Records from a collection:
>>>>>
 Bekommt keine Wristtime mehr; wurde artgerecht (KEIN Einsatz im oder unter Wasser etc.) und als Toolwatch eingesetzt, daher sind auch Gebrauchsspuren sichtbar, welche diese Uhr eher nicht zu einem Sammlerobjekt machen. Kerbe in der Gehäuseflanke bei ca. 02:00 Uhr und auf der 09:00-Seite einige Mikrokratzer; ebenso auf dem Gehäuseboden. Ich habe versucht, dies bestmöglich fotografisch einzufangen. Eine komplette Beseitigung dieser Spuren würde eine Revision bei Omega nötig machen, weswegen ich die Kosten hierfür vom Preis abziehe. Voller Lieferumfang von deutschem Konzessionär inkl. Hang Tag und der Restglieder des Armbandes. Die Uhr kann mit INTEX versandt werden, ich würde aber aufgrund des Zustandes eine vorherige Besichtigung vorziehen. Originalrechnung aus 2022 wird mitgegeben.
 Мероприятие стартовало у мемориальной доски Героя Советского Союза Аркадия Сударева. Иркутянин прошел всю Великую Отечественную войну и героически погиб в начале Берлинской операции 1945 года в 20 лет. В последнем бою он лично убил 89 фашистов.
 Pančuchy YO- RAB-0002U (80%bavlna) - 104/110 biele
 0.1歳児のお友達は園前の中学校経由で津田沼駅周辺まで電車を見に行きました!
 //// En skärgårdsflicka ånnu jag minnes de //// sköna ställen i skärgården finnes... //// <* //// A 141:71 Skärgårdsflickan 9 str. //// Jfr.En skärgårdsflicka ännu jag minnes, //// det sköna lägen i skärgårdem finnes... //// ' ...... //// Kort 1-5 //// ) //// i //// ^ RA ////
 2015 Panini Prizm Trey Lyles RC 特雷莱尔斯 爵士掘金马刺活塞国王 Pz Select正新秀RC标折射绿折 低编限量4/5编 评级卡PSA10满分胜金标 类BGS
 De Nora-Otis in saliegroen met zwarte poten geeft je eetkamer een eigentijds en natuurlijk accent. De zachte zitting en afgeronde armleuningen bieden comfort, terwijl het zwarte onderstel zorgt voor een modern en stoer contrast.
<<<<<
▸ Problem to solve:
Could you write out all the entries exactly as given?

▸ Solution to the exercise:
 Bekommt keine Wristtime mehr; wurde artgerecht (KEIN Einsatz im oder unter Wasser etc.) und als Toolwatch eingesetzt, daher sind auch Gebrauchsspuren sichtbar, welche diese Uhr eher nicht zu einem Sammlerobjekt machen. Kerbe in der Gehäuseflanke bei ca. 02:00 Uhr und auf der 09:00-Seite einige Mikrokratzer; ebenso auf dem Gehäuseboden. Ich habe versucht, dies bestmöglich fotografisch einzufangen. Eine komplette Beseitigung dieser Spuren würde eine Revision bei Omega nötig machen, weswegen ich die Kosten hierfür vom Preis abziehe. Voller Lieferumfang von deutschem Konzessionär inkl. Hang Tag und der Restglieder des Armbandes. Die Uhr kann mit INTEX versandt werden, ich würde aber aufgrund des Zustandes eine vorherige Besichtigung vorziehen. Originalrechnung aus 2022 wird mitgegeben.
 Мероприятие стартовало у мемориальной доски Героя Советского Союза Аркадия Сударева. Иркутянин прошел всю Великую Отечественную войну и героически погиб в начале Берлинской операции 1945 года в 20 лет. В последнем бою он лично убил 89 фашистов.
 Pančuchy YO- RAB-0002U (80%bavlna) - 104/110 biele
 0.1歳児のお友達は園前の中学校経由で津田沼駅周辺まで電車を見に行きました!
 //// En skärgårdsflicka ånnu jag minnes de //// sköna ställen i skärgården finnes... //// <* //// A 141:71 Skärgårdsflickan 9 str. //// Jfr.En skärgårdsflicka ännu jag minnes, //// det sköna lägen i skärgårdem finnes... //// ' ...... //// Kort 1-5 //// ) //// i //// ^ RA ////
 2015 Panini Prizm Trey Lyles RC 特雷莱尔斯 爵士掘金马刺活塞国王 Pz Select正新秀RC标折射绿折 低编限量4/5编 评级卡PSA10满分胜金标 类BGS
 De Nora-Otis in saliegroen met zwarte poten geeft je eetkamer een eigentijds en natuurlijk accent. De zachte zitting en afgeronde armleuningen bieden comfort, terwijl het zwarte onderstel zorgt voor een modern en stoer contrast.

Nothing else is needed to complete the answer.